■ Data shown
::::::

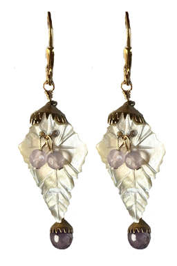 Vintage-vibe design with pale blue vintage mother of pearl cut out leaves topped by a brass cap with faceted pale amethyst dangles and faceted amethyst drops.
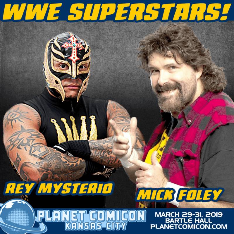 Planet Comicon Kansas City, the largest and longest-running comic book convention and pop culture event in the region, is getting ready to rumble with two huge superstars of the wrestling ring – WWE Hall of Famer Mick Foley and legendary cruiserweight champion Rey Mysterio!
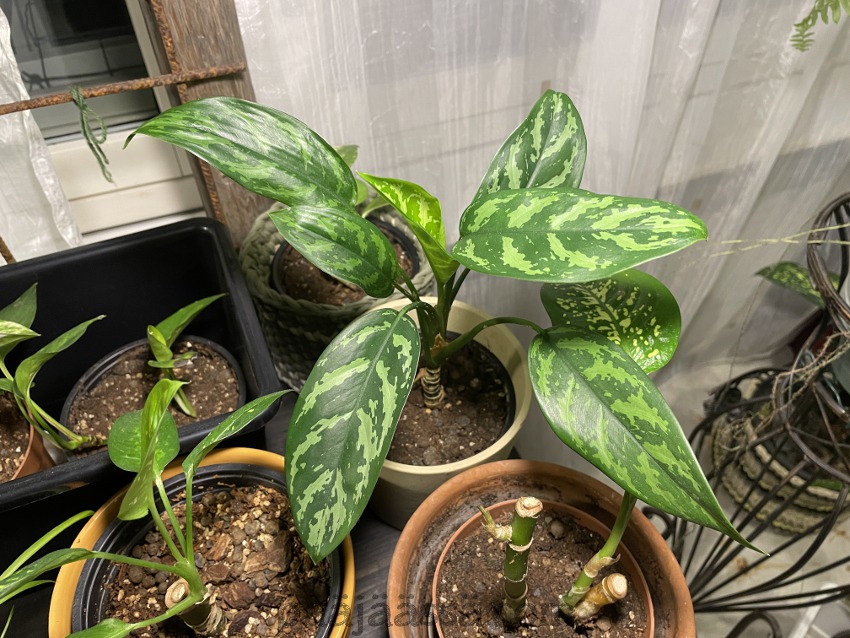 Muita talven huonekasvi selviytyjiä ovat kiinaruusu ja laikkuvehka. Olin istuttanut laikkuvehkan myös kookosperliittiseokseen, ja se ei meinannut selvitä talvesta sitten mitenkään. Lisäksi olin unohtanut laittaa ottamani kirjovehkan pistokaat multiin, mutta nekin näyttävät tällä hetkellä elonmerkkejä. Osa pistokkaista tosin mätäni ja heitin ne pois. En ole kaikkia pistokkaita kuvannut, mutta teen sen joku muu kaunis päivä. Nyt siihen uppoaisi ihan liikaa aikaa.
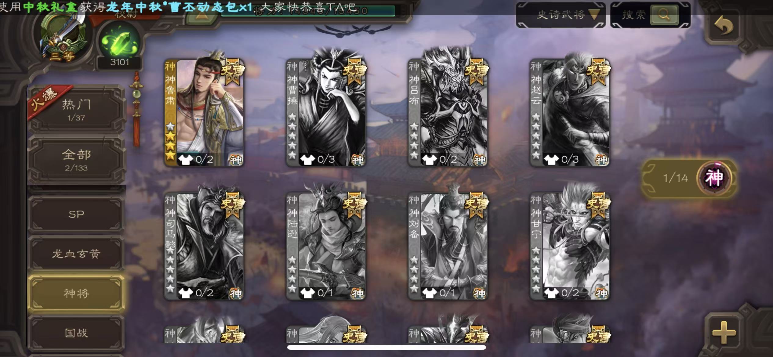 史诗武将数量:

::::::

■ Directions
Begin at the top of the material above and output each line exactly, stopping after the line that holds "Planet Comicon Kansas". Leave out pictures.

■ Finished task
 Vintage-vibe design with pale blue vintage mother of pearl cut out leaves topped by a brass cap with faceted pale amethyst dangles and faceted amethyst drops.
 Planet Comicon Kansas City, the largest and longest-running comic book convention and pop culture event in the region, is getting ready to rumble with two huge superstars of the wrestling ring – WWE Hall of Famer Mick Foley and legendary cruiserweight champion Rey Mysterio!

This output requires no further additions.